Calotype Studios entstand zuerst in Großbritannien und gewann später Traktion in Künstlerkreisen in ganz Europa. Während Daguerreotypien für ihre Detailgenauigkeit bewundert wurden, förderte der weichere Charakter des Kalotypieverfahrens die poetische Interpretation. Zu den beständigsten Beispielen dieser Zeit gehört die Partnerschaft von Robert Adamson und David Octavius Hill in Edinburgh. Als Hill beauftragt wurde, ein riesiges Gruppenporträt zu malen, das den vierhundertfünfzig Geistlichen darstellt, der während der Nationalversammlung von 1843 die Church of Scotland verließ, wandte er sich an Adamson, um Referenzfotos für sein Gemälde zu machen. So begann eine Zusammenarbeit, die ihre ursprüngliche Prämisse überschreiten würde, Herstellung von mehr als dreitausend Negativen, und ein Werk, das geschätzt wurde, um einzelne Sitter in Archetypen einer Küstengemeinschaft zu verwandeln.

Gustave Le Gray, Eiche und Felsen, Wald von Fontainebleau, Kunstdruck auf Papier, 1849-52

Talbots Prozess wurde von anderen Fotografen optimiert und verfeinert, sobald Lizenzen zum Kauf angeboten wurden. In Paris führte Gustave Le Gray die Anklage an und diente einer Generation angehender Fotografen als Praktiker, Innovator und Pädagoge. Le Gray verbesserte Talbots Papiernegative, indem er Wachs in den Sensibilisierungsprozess einarbeitete, was zu detaillierteren Bildern führte. Le Grays Verbindung mit der Malerschule von Barbizon prägte seine Kompositionen des ikonischen Waldes von Fontainebleau.

Neben künstlerischen Ausdrucksformen wurden Kalotypen eingesetzt, um Architektur und Landschaften im In- und Ausland zu dokumentieren. Schnell füllten Fotobücher von Ägypten, Jerusalem und Syrien die Salons und weckten die Fantasie des europäischen Publikums. Trotzdem war die Popularität von Kalotypen von kurzer Dauer. 1847 erfand Louis Dsir Blanquart-Evrard, ein in Paris arbeitender Daguerreotypist und Kalotypist, den Albumin-Silberdruck. Seine Erfindung bot die Möglichkeit, Papierdrucke wesentlich detaillierter zu gestalten, und würde die Kalotypie schnell als führendes Papierverfahren ersetzen.
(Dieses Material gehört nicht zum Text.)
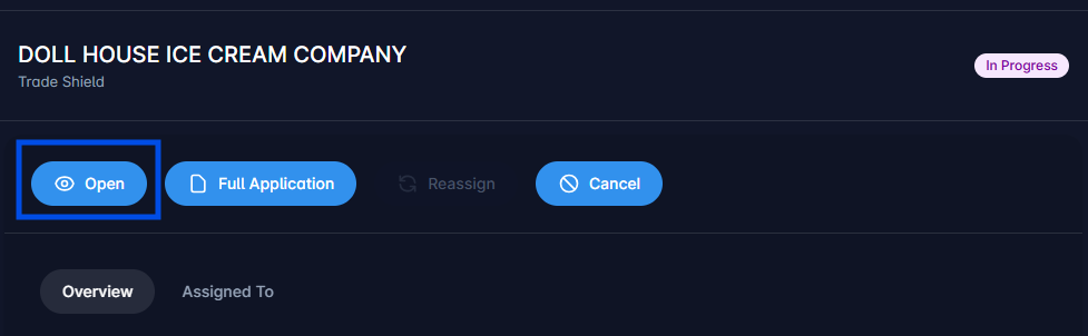 Select the correct application and click Open to view the application details.

Eine aktualisierte Version des Salted Paper-Druckverfahrens ist über das Photographers‘ Formulary Salted (Plain) Paper Kit erhältlich. Während sich die Chemikalien von denen von Talbot unterscheiden, ist es einen Besuch wert, wenn Sie Drucke erstellen möchten, die an die Ästhetik der oben genannten Künstler erinnern.